## [Try it]
Set down each record below precisely, skipping the pictures.

--- START ---

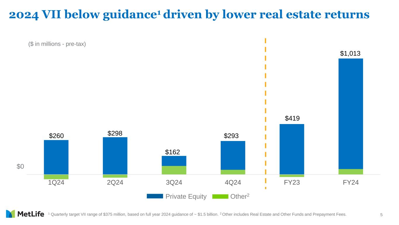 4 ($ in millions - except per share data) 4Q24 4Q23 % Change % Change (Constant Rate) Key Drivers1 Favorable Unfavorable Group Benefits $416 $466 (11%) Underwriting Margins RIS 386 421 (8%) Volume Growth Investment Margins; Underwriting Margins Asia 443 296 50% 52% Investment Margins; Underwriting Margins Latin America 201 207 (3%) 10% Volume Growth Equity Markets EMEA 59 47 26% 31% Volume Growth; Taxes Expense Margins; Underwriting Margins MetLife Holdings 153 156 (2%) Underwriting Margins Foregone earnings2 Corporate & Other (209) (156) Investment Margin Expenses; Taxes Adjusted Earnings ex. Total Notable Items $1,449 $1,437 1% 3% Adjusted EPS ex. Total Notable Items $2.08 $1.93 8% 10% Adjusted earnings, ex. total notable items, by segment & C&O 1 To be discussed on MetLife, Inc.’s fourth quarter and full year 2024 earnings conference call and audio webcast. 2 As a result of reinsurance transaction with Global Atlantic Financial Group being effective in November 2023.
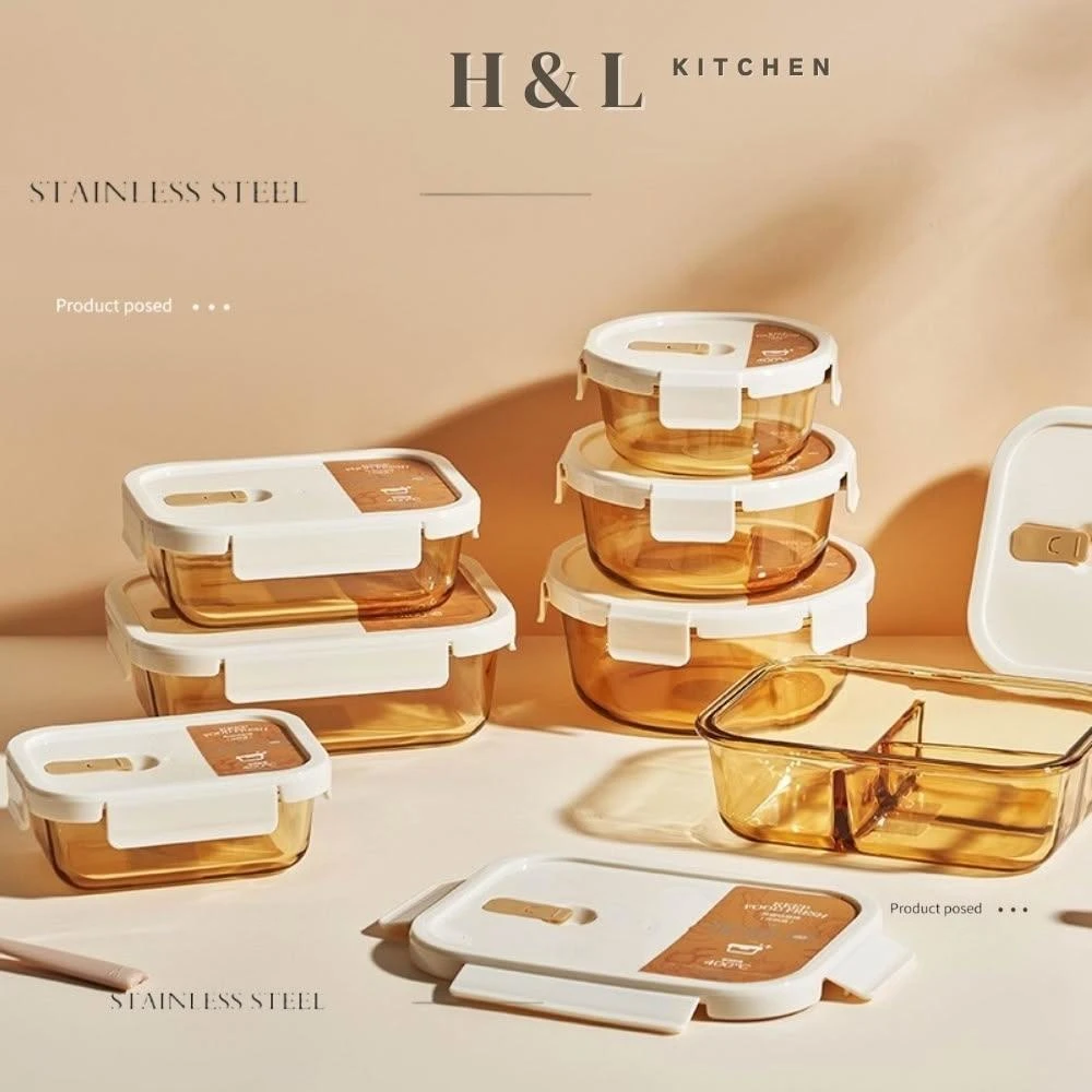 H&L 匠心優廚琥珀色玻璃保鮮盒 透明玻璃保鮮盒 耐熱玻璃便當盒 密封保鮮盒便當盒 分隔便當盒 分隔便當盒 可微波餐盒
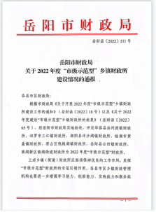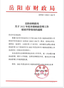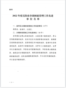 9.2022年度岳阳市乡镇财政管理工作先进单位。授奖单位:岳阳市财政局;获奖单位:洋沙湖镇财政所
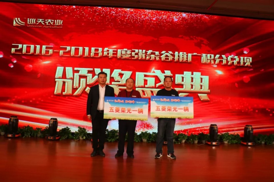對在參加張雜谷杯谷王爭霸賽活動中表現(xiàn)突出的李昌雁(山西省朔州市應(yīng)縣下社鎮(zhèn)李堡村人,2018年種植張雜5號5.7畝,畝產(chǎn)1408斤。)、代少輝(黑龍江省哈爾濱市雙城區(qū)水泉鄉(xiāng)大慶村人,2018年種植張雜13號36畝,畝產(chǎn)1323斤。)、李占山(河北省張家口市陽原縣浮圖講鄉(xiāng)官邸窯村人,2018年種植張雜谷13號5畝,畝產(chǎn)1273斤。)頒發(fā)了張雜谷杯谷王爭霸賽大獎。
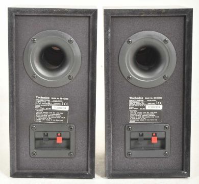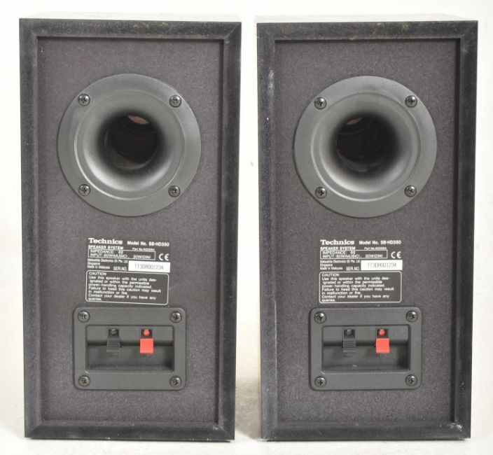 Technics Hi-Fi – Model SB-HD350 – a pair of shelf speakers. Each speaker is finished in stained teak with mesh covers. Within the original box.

--- END ---

## [Your solution]
 4 ($ in millions - except per share data) 4Q24 4Q23 % Change % Change (Constant Rate) Key Drivers1 Favorable Unfavorable Group Benefits $416 $466 (11%) Underwriting Margins RIS 386 421 (8%) Volume Growth Investment Margins; Underwriting Margins Asia 443 296 50% 52% Investment Margins; Underwriting Margins Latin America 201 207 (3%) 10% Volume Growth Equity Markets EMEA 59 47 26% 31% Volume Growth; Taxes Expense Margins; Underwriting Margins MetLife Holdings 153 156 (2%) Underwriting Margins Foregone earnings2 Corporate & Other (209) (156) Investment Margin Expenses; Taxes Adjusted Earnings ex. Total Notable Items $1,449 $1,437 1% 3% Adjusted EPS ex. Total Notable Items $2.08 $1.93 8% 10% Adjusted earnings, ex. total notable items, by segment & C&O 1 To be discussed on MetLife, Inc.’s fourth quarter and full year 2024 earnings conference call and audio webcast. 2 As a result of reinsurance transaction with Global Atlantic Financial Group being effective in November 2023.
 H&L 匠心優廚琥珀色玻璃保鮮盒 透明玻璃保鮮盒 耐熱玻璃便當盒 密封保鮮盒便當盒 分隔便當盒 分隔便當盒 可微波餐盒
 9.2022年度岳阳市乡镇财政管理工作先进单位。授奖单位:岳阳市财政局;获奖单位:洋沙湖镇财政所
對在參加張雜谷杯谷王爭霸賽活動中表現(xiàn)突出的李昌雁(山西省朔州市應(yīng)縣下社鎮(zhèn)李堡村人,2018年種植張雜5號5.7畝,畝產(chǎn)1408斤。)、代少輝(黑龍江省哈爾濱市雙城區(qū)水泉鄉(xiāng)大慶村人,2018年種植張雜13號36畝,畝產(chǎn)1323斤。)、李占山(河北省張家口市陽原縣浮圖講鄉(xiāng)官邸窯村人,2018年種植張雜谷13號5畝,畝產(chǎn)1273斤。)頒發(fā)了張雜谷杯谷王爭霸賽大獎。
 Technics Hi-Fi – Model SB-HD350 – a pair of shelf speakers. Each speaker is finished in stained teak with mesh covers. Within the original box.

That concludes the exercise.